In this study, the sensitivities of three cell lines to ADRV were compared by examining cytopathic effects and viral propagations (virus titers). The appearance of CPE in GSTC cells was faster (24 hpi) and more significant than that in GSSC and GSKC cells (appearing at 36 hpi, data not shown). The highest titer of ADRV (108.4TCID50/mL) was also detected in GSTC cells at 7 days post infection. Collectively, these results suggest that GSTC cells are most sensitive to ADRV. This research also shows that the rRGV-EGFP expressed green fluorescent protein after infecting GSTC cells, which provides a convenient way to observe the infection site and development of CPE. It suggests that the GSTC was suitable for recombinant RGV in vitro infection and gene expression. In addition, these cell lines have been used to analyse interactions between ranavirus and the host, the expression profiles and antiviral activity of amphibian immune genes as we have reported before, which confirms that the infection of GSTC cells with ADRV could induce up-regulations of major histocompatibility complex (MHC) isoforms, IFN-inducible protein 6 (IFI6) and T cell receptor beta chain (TCRβ) [29,30].

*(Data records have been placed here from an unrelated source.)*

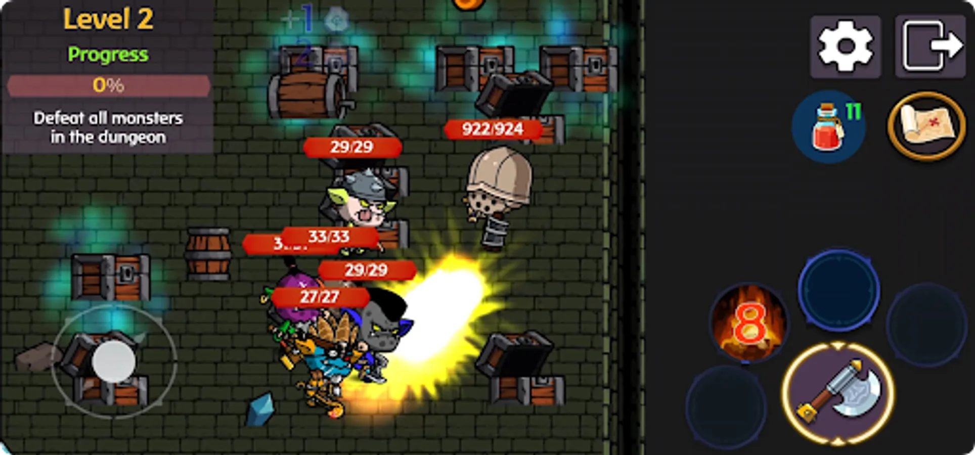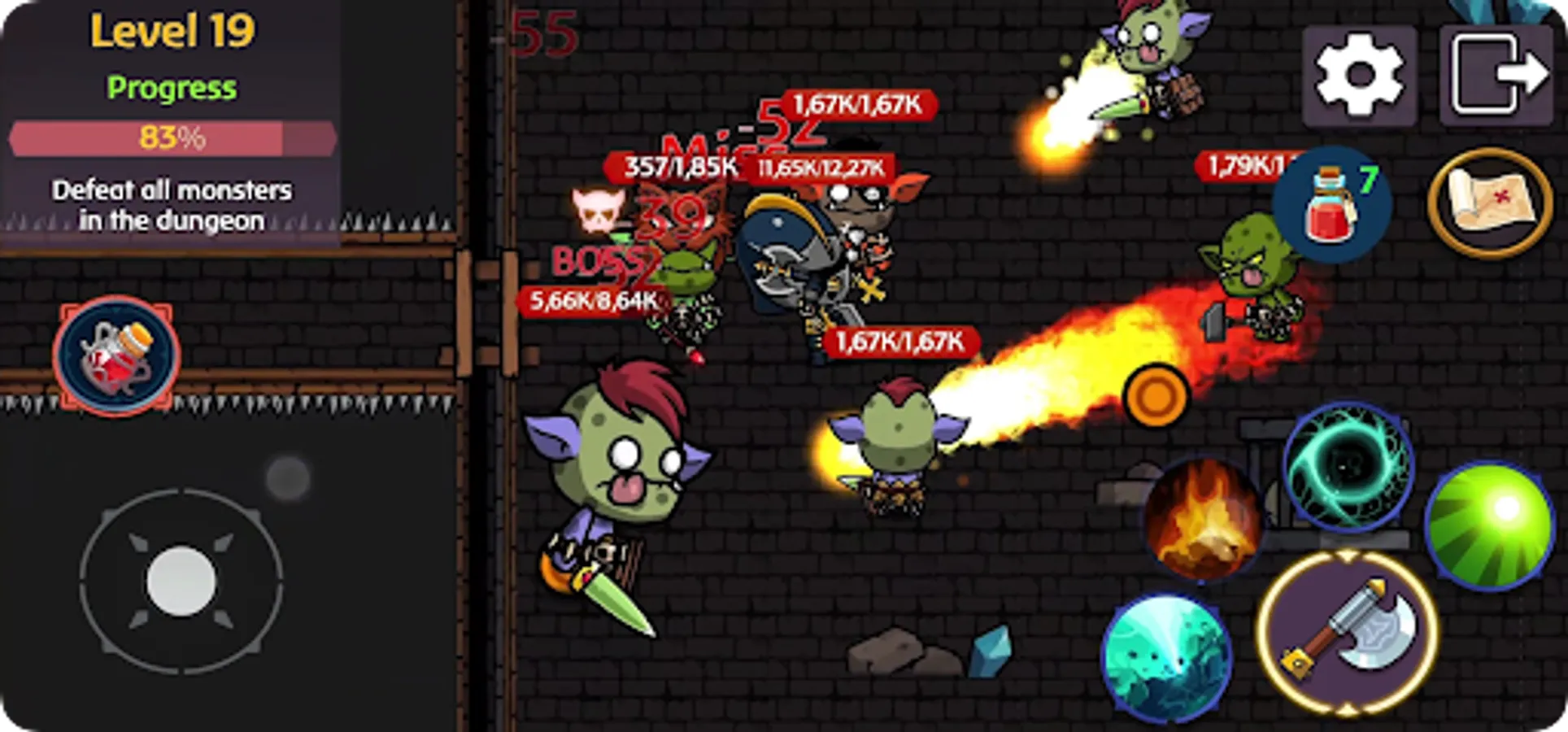 Gather various resources in the dungeons that will be useful for you to create and improve equipment and help make your hero stronger!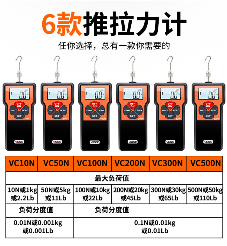 严禁超出仪器最大量程使用(VC10N最大负荷10N),测试值超量程100%时蜂鸣器连续鸣叫,需立即解除负荷,避免损坏传感器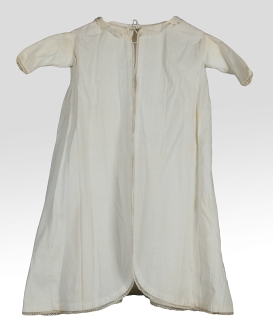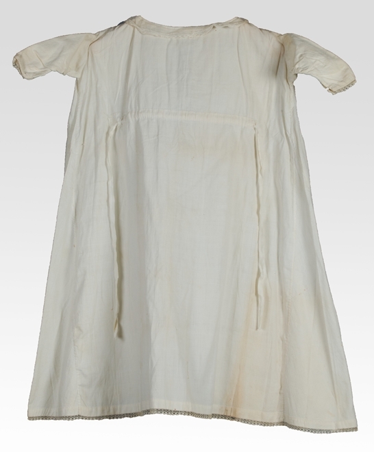 Lang jurkje of japonnetje van witte gestreepte katoenen stof aan voorzijde open

In summary, we developed three cell lines from the Chinese giant salamander, and the sensitivities of the three cell lines to amphibian ranaviruses were studied. The results show that both wild-type ranavirus ADRV and recombinant ranavirus rRGV-EGFP can replicate and cause CPE in their infected cells, and GSTC has the highest sensitivity to ADRV. Our work provides useful tools for the future study of ADRV, such as identifying ADRV-specific receptors, elucidating the infection mechanism, ADRV recombination and host-pathogen interaction research.